Audience has never been something I’m sure about. “Why blog?” and “Blogging for the right reasons” are on going themes for many bloggers. Blogging for pageviews only really works if you’re actually making money at the end of the day. Blogging just for myself has never really appealed. I’m already great at talking to myself, why would I want to blog to me? Really it’s about interaction and dialogue – both things which can pick at my social anxiety. In previous cases where a post of mine has gotten a lot of attention, the subsequent comments both energised me and wore me out. Since then my replies to comments have been a little sparse – something that has long been a source of regret.
Plus I am very prolific on twitter. It’s very very easy to vent there. There is a purity about getting your precise meaning and emotion out in a 140 character limit. Both in my professional and academic lives I am now used to keeping written assignments brief and precise as possible (although this is gradually changing in my studies as assignments become more complex.) Even when I wrote guides and theorycraft, I always believed in keeping it brief and to the point. I don’t believe in stating the obvious – but sometimes that is what blogging (and academia) is all about. Stating what is there. It still feels strange to me. The part of me that wanted to be a novelist when she grew up – she thinks every paragraph should be a thing of constructed beauty. The analytical adult really doesn’t want to waste her (or anybody else’s) time with overblown purple prose.
Although I don’t think purple prose can be counted as a ‘thing of constructed beauty.
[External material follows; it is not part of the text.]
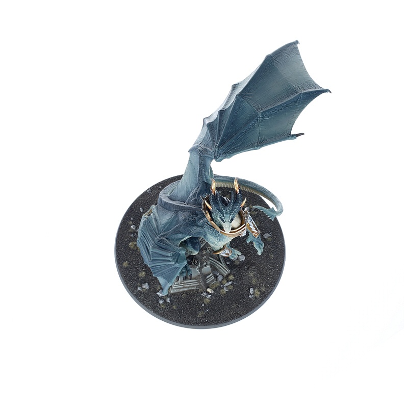 As an ancient and powerful being steeped in celestial magic, Krondys is a potent mystical force on the battlefield capable of unleashing debilitating storms on command. His magical might is matched by his prowess in melee, able to sweep entire regiments from the battlefield with a casual flick of his massive wrist, while foes are burned to ash by blazing tempests of draconic fire.

Meandering post meanders. This is impressive. It was originally going to be about Guild Wars 2.
It’s very easy to let fear and apatheticness become a barrier to writing. I am genuinely happier when I am writing and expressing myself. Since I started blogging and podcasting about MMOs I have moved house, parted ways with my long-term partner, come out as bisexual, begun ‘dating’ and started horse riding. I’m not a difference person to the one I was in March 2010, but I am more confident, more sure of myself. Willing to enjoy myself. Blogging again is part of that, as opposed to a replacement for it.
So the goals? I am studying for a second undergraduate degree, while working fulltime, and I wanted to apply some of the principles and techniques I am learning in class to my amateur analysis and commentary on all things geek. I’m passionate about fiction, film, comics, and games, so it seems sensible to continue that. This is the aim. Along with somewhere to put my random thoughts about geek gaming, sexuality, and all the other things that never really fitted into the ‘Warcraft blog’ slot.
I suspect MMOs will dominate though!